Belief propagation

Posted on 12 Aug 2018

Belief propagation, also known as sum-product algorithm, is an inference framework. In the context of Bayesian networks, this algorithm is often used to compute the marginal probability distribution. In this post, I walk through the computations involved in the belief propagation.

In the belief propagation, a message is passed from a node to a factor and from a factor to a node. The message passed from node $x_{i}$ to factor $f_{j}$ is the product of messages $x_{i}$ receives from other factors: [ \mu_{x_{i} \rightarrow f_{j}} = \prod_{\substack{k \in ne(x_{i}) \\\ k \neq j}} \mu_{f_{k} \rightarrow x_{i}}, ] where $ne(x_{i})$ is an index of neighbouring factors. And the message passed from factor $f_{j}$ to node $x_{i}$ is the product of messages $f_{j}$ receives from other nodes, multiplied by the factor, and summed over the other nodes than $x_{i}$: [ \mu_{f_{j} \rightarrow x_{i}} = \int \left(\prod_{\substack{k \in ne(f_{j}) \\\ k \neq i}} \mu_{x_{k} \rightarrow f_{j}} \right) \, f_{j}(x) \, d x_{l} \, _{(l = 1, \dots, n. \, l \neq i)}. ]

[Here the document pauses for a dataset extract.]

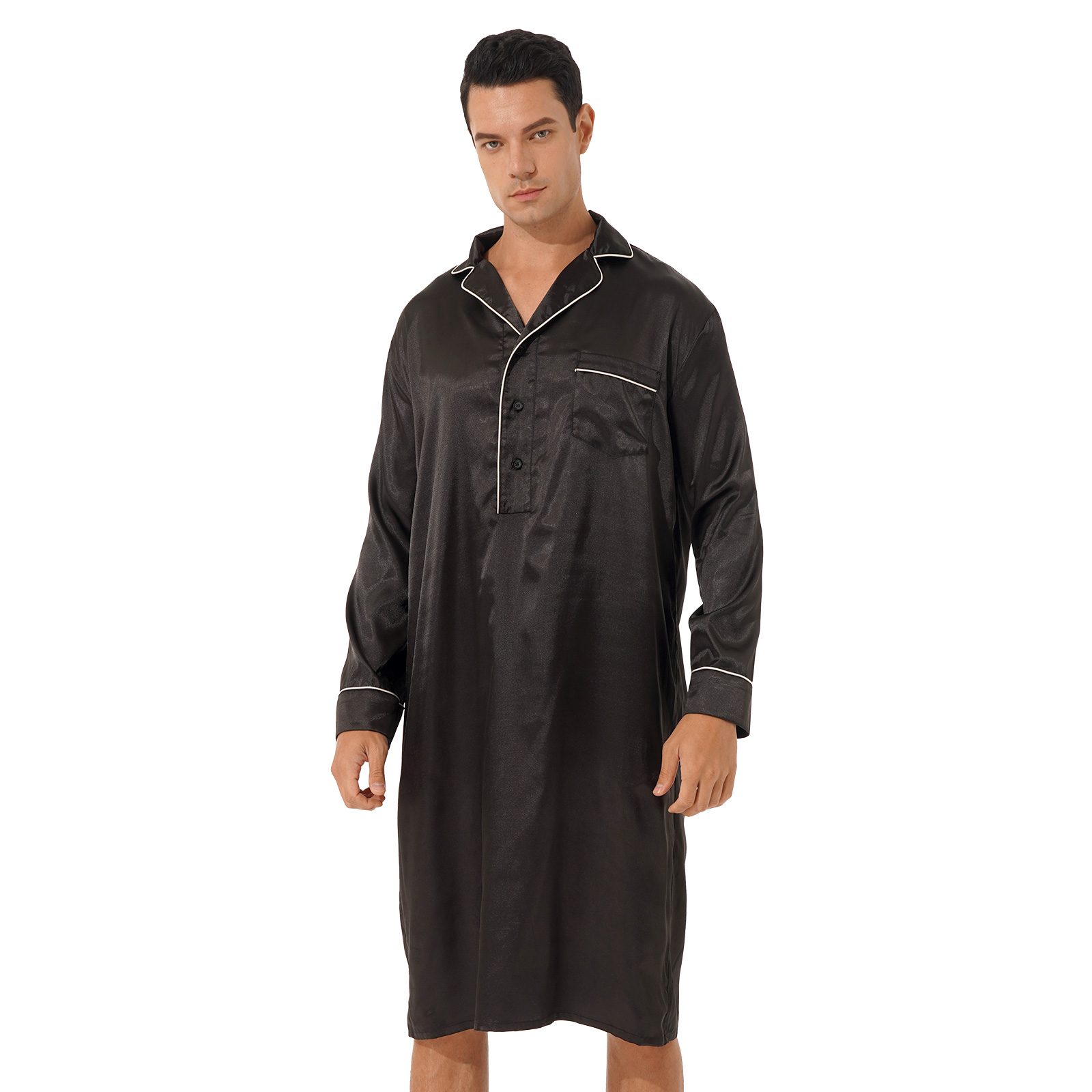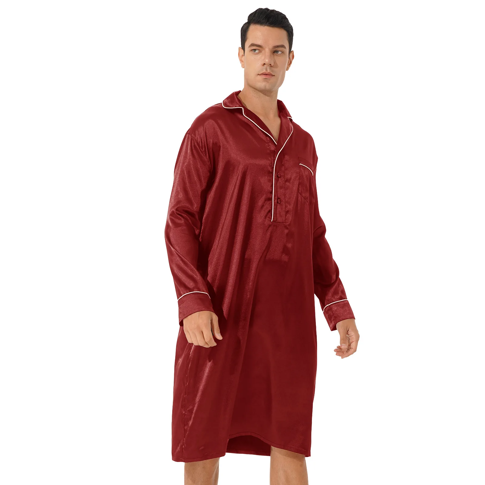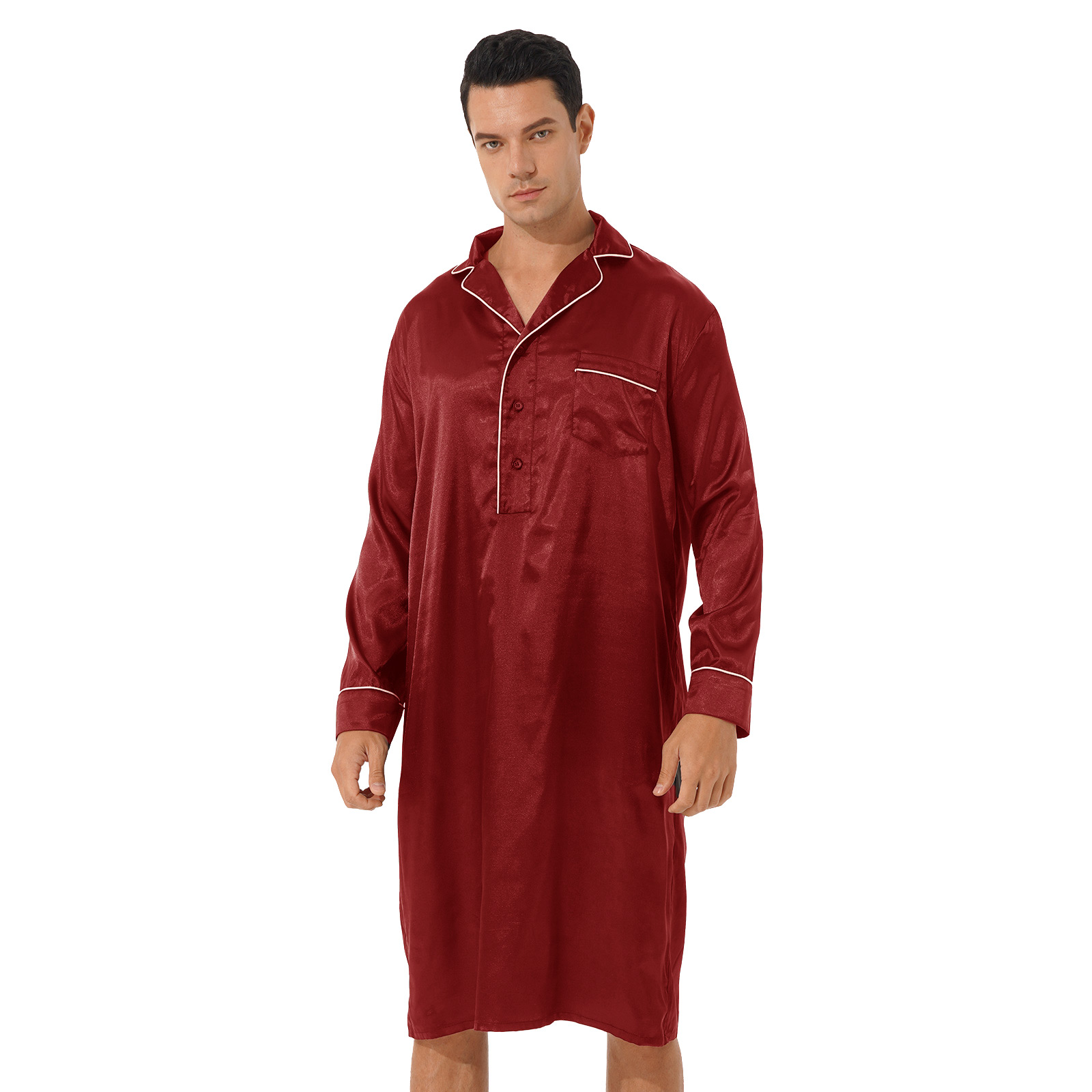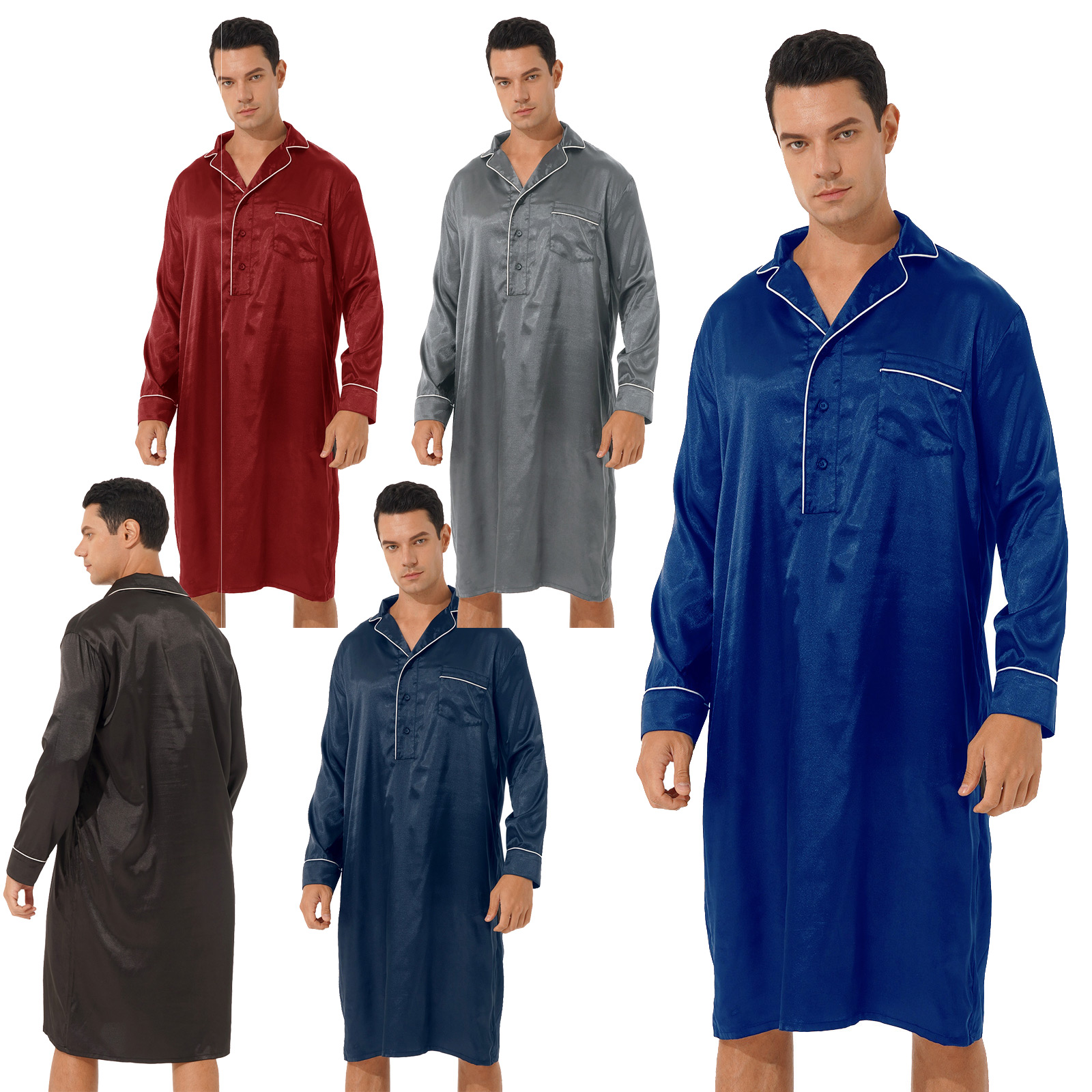 Chemise de Nuit en Satin pour Homme, Kaftan Long et observateur, Confortable, Grand et Grand, Col en V, à Manches sulf, Pyjama : Cadeau Idéal

These equations may be opaque, so I walk through an example below.

Example

Example Bayesian network

Consider the network on the left with five nodes. The joint probability is given by [ p(x_{1}, x_{2}, x_{3}, x_{4}, x_{5}) = p(x_{1}) \, p(x_{2}) \, p(x_{3} \vert x_{1}, x_{2}) \, p(x_{4} \vert x_{3}) \, p(x_{5} \vert x_{3}). ]

This directed network is first re-expressed as a factor graph.

Example factor graph

The factor graph on the left represents [ f_{A}(x_{1}) \, f_{B}(x_{2}) \, f_{C}(x_{1}, x_{2}, x_{3}) \, f_{D}(x_{3}, x_{4}) \, f_{E}(x_{3}, x_{5}), ] where [ \begin{align} f_{A}(x_{1}) &= p(x_{1}),\\
f_{B}(x_{2}) &= p(x_{2}),\\
f_{C}(x_{1}, x_{2}, x_{3}) &= p(x_{3} \vert x_{1}, x_{2}),\\
f_{D}(x_{3}, x_{4}) &= p(x_{4} \vert x_{3}), \quad{and}\\
f_{E}(x_{3}, x_{5}) &= p(x_{5} \vert x_{3}). \end{align} ]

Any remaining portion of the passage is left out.